Supplied data =
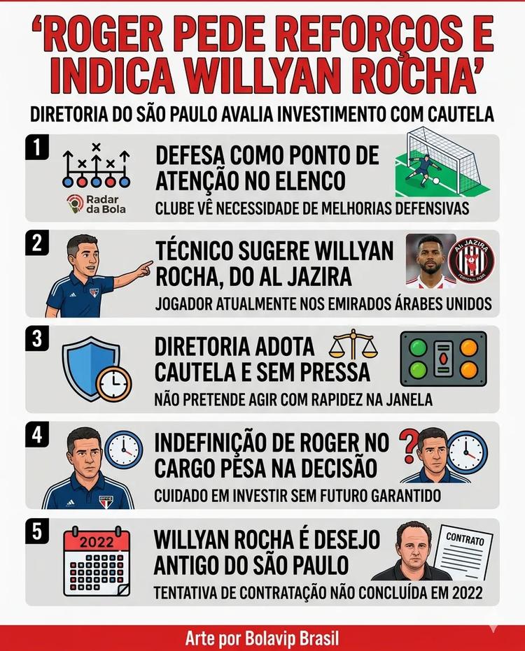 Segundo o perfil Radar da Bola, o São Paulo vê a defesa como um ponto que precisa de atenção no elenco. O técnico Roger Machado, inclusive, já sugeriu o nome do zagueiro Willyan Rocha, que atua no Al Jazira.
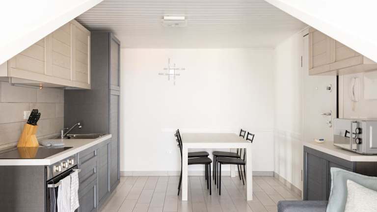 Die Ferienwohnung umfasst 2 Schlafzimmer, ein Wohnzimmer, einen Flachbild-TV, eine gut ausgestattete Küche mit Kühlschrank und Ofen sowie 1 Badezimmer mit Bidet. Handtücher und Bettwäsche werden zur Verfügung gestellt. Zudem gibt es eine Terrasse mit Meerblick.
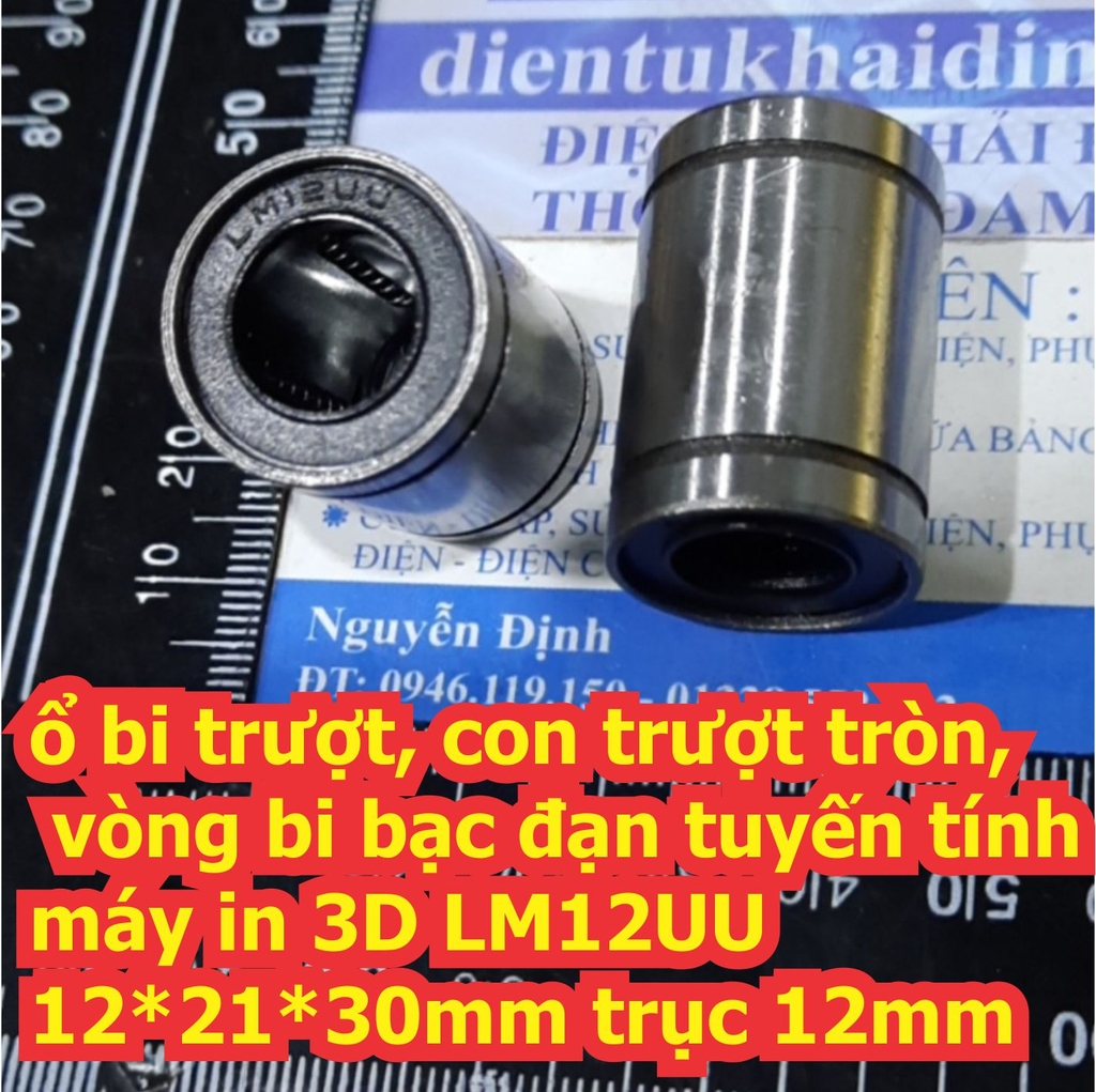 ổ bi trượt, con trượt tròn, vòng bi bạc đạn tuyến tính máy in 3D LM12UU 12*21*30mm trục 12mm kde7220
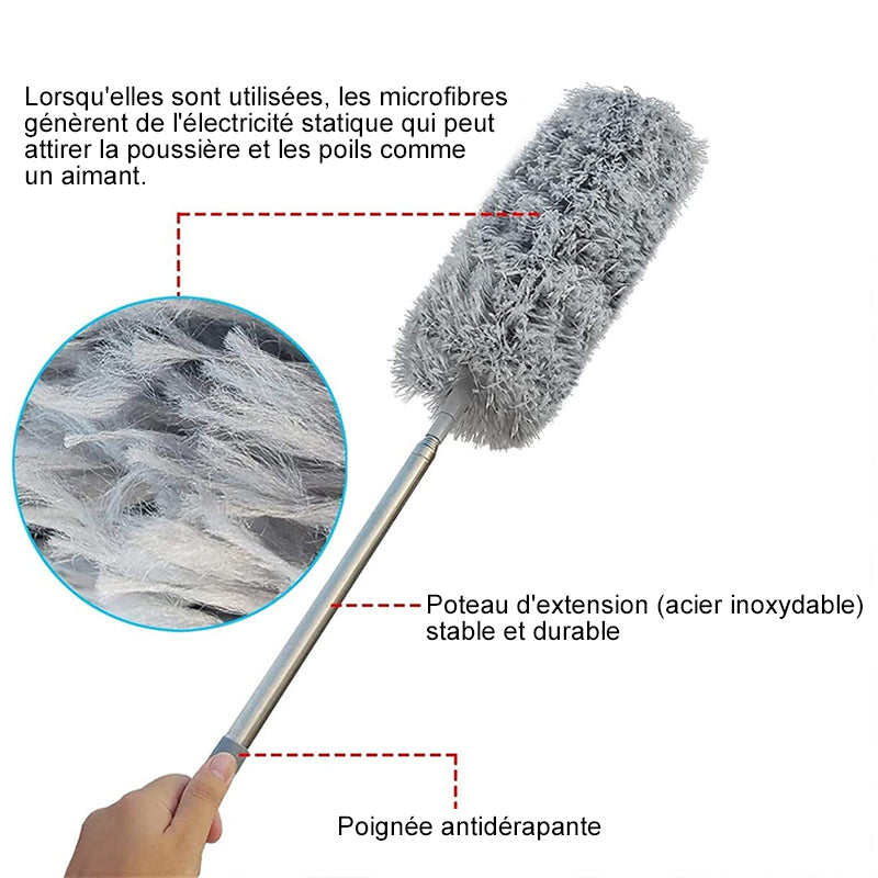 Facilite les travaux ménagers - Grâce à la technologie innovante de séparation des fibres, il est chargé électrostatiquement lors de son utilisation, attirant facilement la poussière, le pollen et les cheveux. Utilisation humide et sèche. Le matériau en microfibre et le dernier processus de production garantissent que le plumeau vous servira mieux, antirouille, solide et durable, léger, adapté aux appareils ménagers, plafonds, stores, ventilateurs de plafond, toutes sortes de meubles et voitures.
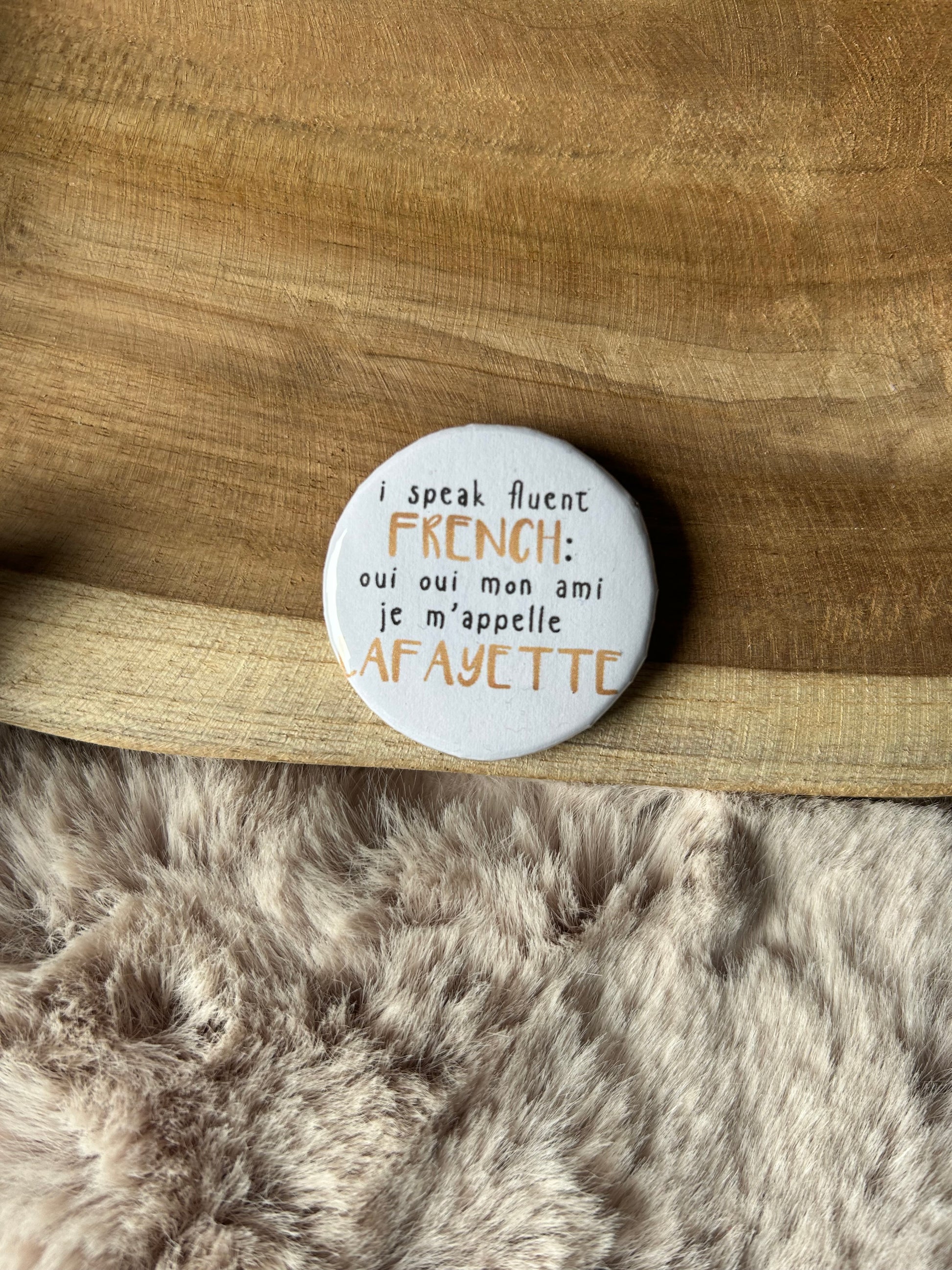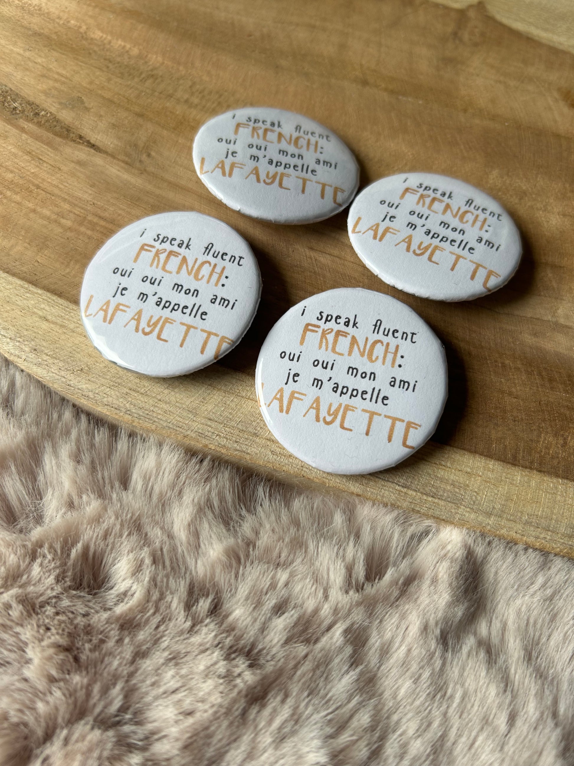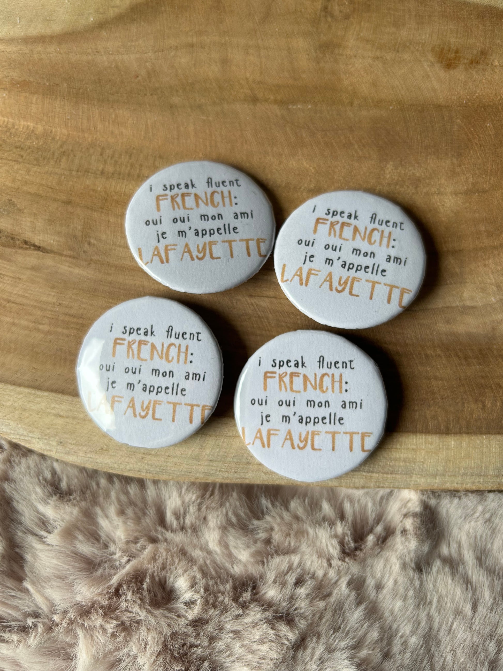 we all know french because of him! these buttons are a fun way of showing that you're the biggest Hamilton, or well, Lafayette fan!
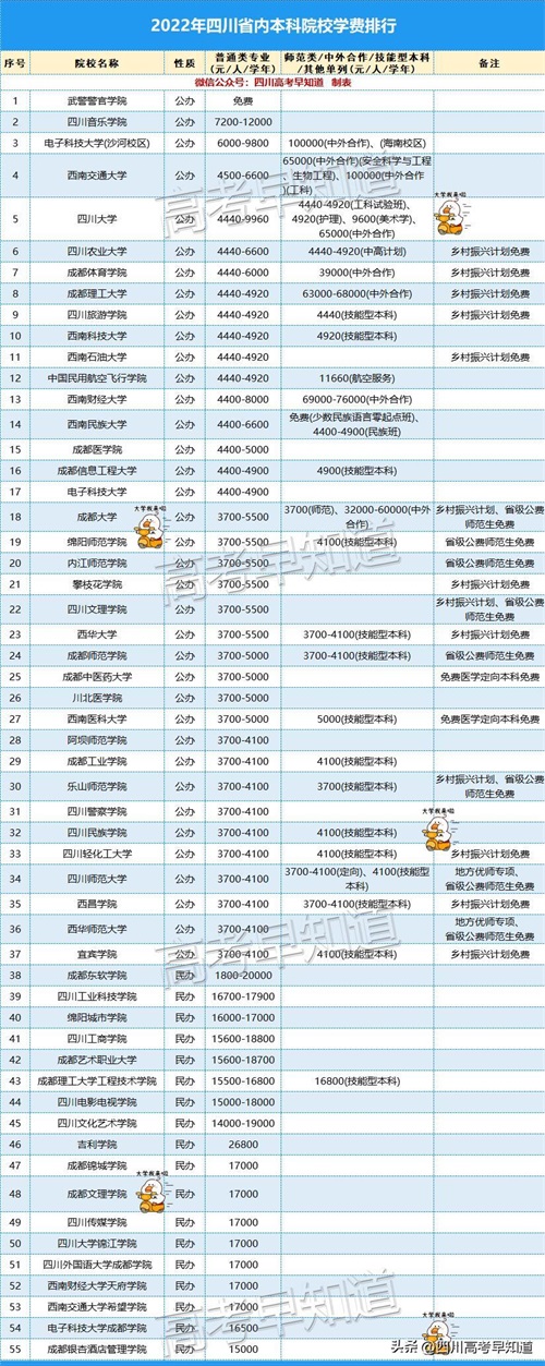 注:下表根据四川《招生考试报》统计,人工整理,若有错漏,以考试院公布的为准。下表根据普通类专业学费排序。
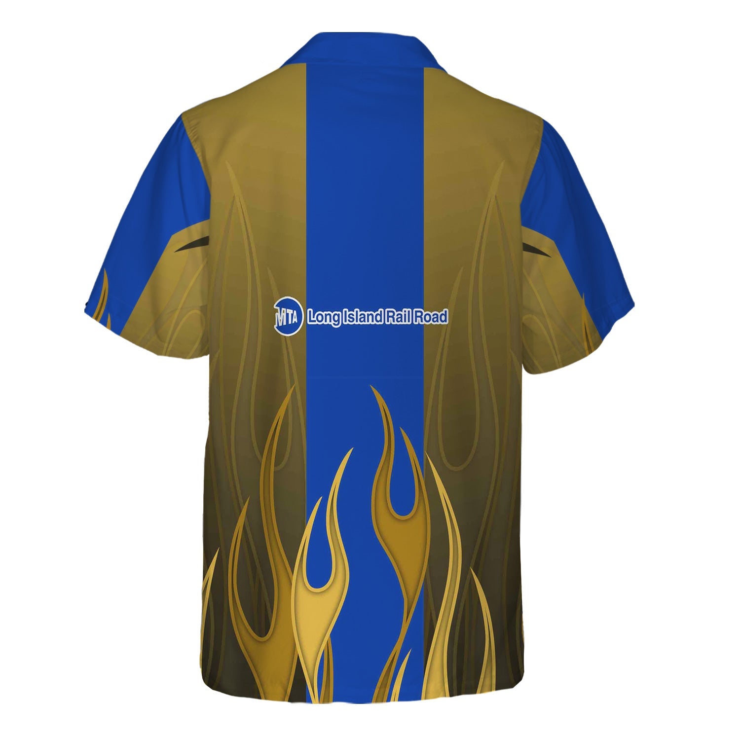 Railspirit Custom Name and Job Title Long Island Railroad Hawaiian Shirt Flame Graphic Train Shirt For Rail Workers
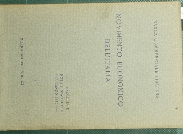 Movimento economico dell'Italia. Vol. XX | Rare and modern books | Banca Commerciale Italiana
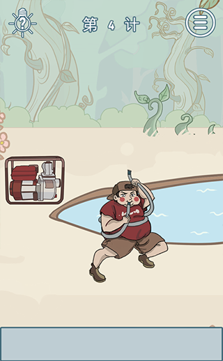 把水管放到水里,帮小胖藏好妈妈,悄悄完成任务。
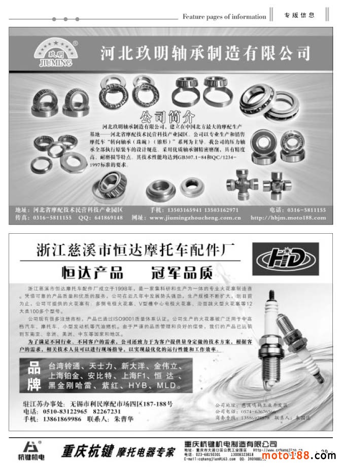 29 河北玖明軸承制造有限公司/浙江慈溪市恒達摩托車配件廠
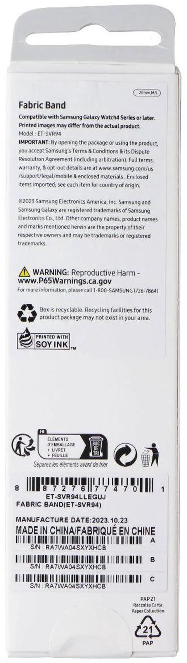 Features:ROUND-THE-CLOCK COMFORT: With its lightweight, comfortable design, the Fabric Band provides unrivaled comfort all day long; When it's time to sleep, rest easy knowing it will keep your Galaxy Watch6 securely on your wristREFECTIVE MATERIAL: The Fabric Band is made with reflective yarn that makes it easy to spot in the darkCLICK. SWAP. REPEAT: Refresh your look in an instant with a stylish new collection of bands for Galaxy Watch6 that release with just one click; Hold down the release button on the Fabric Band to remove it and swap it out for anotherGALAXY WATCH COMPATIBILITY: Compatible with Galaxy Watch4 Series or later (sold separately)
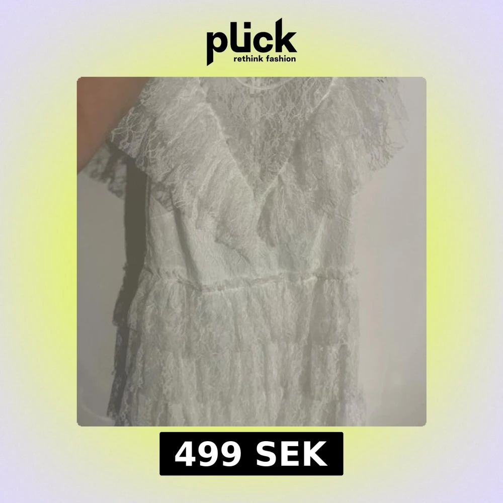 Superfin vit klänning i spets med volangdetaljer och pärlknappar i ryggen. Klänningen har kort ärm och flera lager spets som ger en romantisk känsla. Perfekt för sommarens alla tillfällen!

Work task = Transcribe all of the material exactly, leaving out whatever pictures it contains.

Answer for this exercise =
 Segundo o perfil Radar da Bola, o São Paulo vê a defesa como um ponto que precisa de atenção no elenco. O técnico Roger Machado, inclusive, já sugeriu o nome do zagueiro Willyan Rocha, que atua no Al Jazira.
 Die Ferienwohnung umfasst 2 Schlafzimmer, ein Wohnzimmer, einen Flachbild-TV, eine gut ausgestattete Küche mit Kühlschrank und Ofen sowie 1 Badezimmer mit Bidet. Handtücher und Bettwäsche werden zur Verfügung gestellt. Zudem gibt es eine Terrasse mit Meerblick.
 ổ bi trượt, con trượt tròn, vòng bi bạc đạn tuyến tính máy in 3D LM12UU 12*21*30mm trục 12mm kde7220
 Facilite les travaux ménagers - Grâce à la technologie innovante de séparation des fibres, il est chargé électrostatiquement lors de son utilisation, attirant facilement la poussière, le pollen et les cheveux. Utilisation humide et sèche. Le matériau en microfibre et le dernier processus de production garantissent que le plumeau vous servira mieux, antirouille, solide et durable, léger, adapté aux appareils ménagers, plafonds, stores, ventilateurs de plafond, toutes sortes de meubles et voitures.
 we all know french because of him! these buttons are a fun way of showing that you're the biggest Hamilton, or well, Lafayette fan!
 注:下表根据四川《招生考试报》统计,人工整理,若有错漏,以考试院公布的为准。下表根据普通类专业学费排序。
 Railspirit Custom Name and Job Title Long Island Railroad Hawaiian Shirt Flame Graphic Train Shirt For Rail Workers
 Movimento economico dell'Italia. Vol. XX | Rare and modern books | Banca Commerciale Italiana
 把水管放到水里,帮小胖藏好妈妈,悄悄完成任务。
 29 河北玖明軸承制造有限公司/浙江慈溪市恒達摩托車配件廠
 Features:ROUND-THE-CLOCK COMFORT: With its lightweight, comfortable design, the Fabric Band provides unrivaled comfort all day long; When it's time to sleep, rest easy knowing it will keep your Galaxy Watch6 securely on your wristREFECTIVE MATERIAL: The Fabric Band is made with reflective yarn that makes it easy to spot in the darkCLICK. SWAP. REPEAT: Refresh your look in an instant with a stylish new collection of bands for Galaxy Watch6 that release with just one click; Hold down the release button on the Fabric Band to remove it and swap it out for anotherGALAXY WATCH COMPATIBILITY: Compatible with Galaxy Watch4 Series or later (sold separately)
 Superfin vit klänning i spets med volangdetaljer och pärlknappar i ryggen. Klänningen har kort ärm och flera lager spets som ger en romantisk känsla. Perfekt för sommarens alla tillfällen!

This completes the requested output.